I am reflecting on the meaning of death in recent days. In our parishes this past week there have been many individuals who are either on hospice, were recently diagnosed with serious illness, or who have died. I have also suffered a personal loss of an extended family member. So, maybe God is asking me to take a look at the fragility of life and the dignity of a good death.

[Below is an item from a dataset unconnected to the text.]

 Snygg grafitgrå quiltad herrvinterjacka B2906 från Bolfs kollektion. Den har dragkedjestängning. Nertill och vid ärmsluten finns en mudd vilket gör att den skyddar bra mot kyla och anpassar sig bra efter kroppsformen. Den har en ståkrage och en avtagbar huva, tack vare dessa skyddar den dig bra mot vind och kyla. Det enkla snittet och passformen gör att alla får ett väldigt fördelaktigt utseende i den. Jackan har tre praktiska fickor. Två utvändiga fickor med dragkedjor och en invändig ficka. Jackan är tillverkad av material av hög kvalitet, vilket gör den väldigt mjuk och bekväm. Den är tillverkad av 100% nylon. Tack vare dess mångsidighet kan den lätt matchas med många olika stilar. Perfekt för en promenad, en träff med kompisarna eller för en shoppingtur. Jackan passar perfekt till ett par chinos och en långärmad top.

I think we tend to either pathologize death or romanticize it. For so many people, even good, faithful Christians, the reality of death is surrounded by the reality of disease and illness. We associate death with the ravages of sickness and we disassociate it from life. The two, for many of us, are contraries and we think they cannot co-exist. This seems to be solidly supported by common sense and experience, yet we know as followers of Christ and members of the Catholic fold that it is only in death that we truly receive life, and it is in this life that we will experience death. It is at the moment of physical death that the fullness of life is unleashed for those in a state of grace and purified from all attachments to sin. Life abounds because death has been defeated, not victorious.
St. Paul would say in his epistle, “Where O death, is your sting?” He would write, “I carry in me the death of the Lord.” St. Paul knew full well that in his flesh the death of Christ was lived, and through that death life abounded.

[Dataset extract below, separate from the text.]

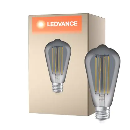 Die Ledvance Vintage 1906 LED E27 Edison Smoke 11W 500lm - 818 Extra Warmweiß | Dimmbar - Ersatz Für 42W ist eine effiziente E27 LED-Lampe mit Retrodesign und der perfekte Ersatz für Ihre konventionellen 42W Lampen mit E27. Zudem strahlt sie Licht in der Farbtemperatur 1800K - Extra Warmweiß aus und punktet durch eine lange Lebensdauer.

A death well-lived is a proclamation of the death and resurrection of Jesus. A death not sought, but accepted, is a breaking forth of glory for all eternity.
There is in each of us a natural desire for life, a natural desire to live eternally. There is an attraction for that which is true, good and beautiful. In other words, there is the pull toward the divine. Death, which has entered the world through our freedom to choose it, has been reformed by the salvific action of Jesus. Death, which is the result of an evil choice made by a man at the beginning of human history, has been transformed into the gateway through which we walk and through which we see face-to-face the God who has made us, and who originally intended for us to see him as he is from our conception.

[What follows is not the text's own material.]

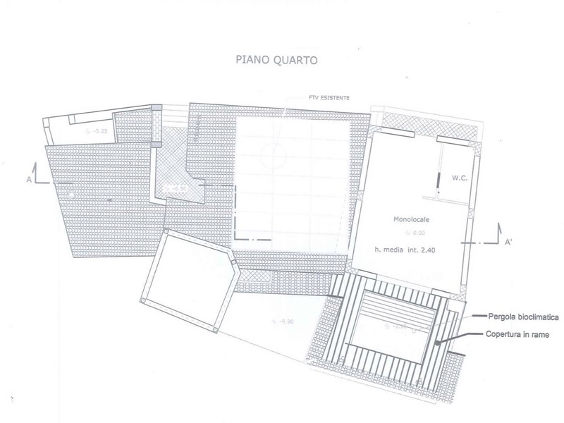 Il piano 4° composto da: ingresso, cucina a vista, bagno e camera da letto matrimoniale.

Death also has been romanticized by many. One needs only view some war movies, or perhaps love stories to see death in this way. Our contemporary society is moving toward sanitization of death. The messiness of death is something people want to be rid of now-a-days. Look at the “right to death” movements (which are only veiled attempts to rename euthanasia) because they would rather the death be chosen before its time, that it be denied its course, its transformative opportunity. They would rather that someone die cleanly with a lethal medical intervention than for that person to fully enter the passage way to eternal life. They would rather spare someone the temporal discomforts and pain than allow them the eternal joys that a truly human and humane death would provide.
Blessed Pope John Paul II gave us a vivid reminder of the dignity of a death well-lived. He died so that we might know that death never has the last say in any man’s life.
St. Francis of Asissi called death, “Brother Death.” He embraced it as fully as he embraced life and light and joy and mirth. As we have prayed so often,
Holy Mary, Mother of God, pray for us sinners, now and at the hour of our death. Amen!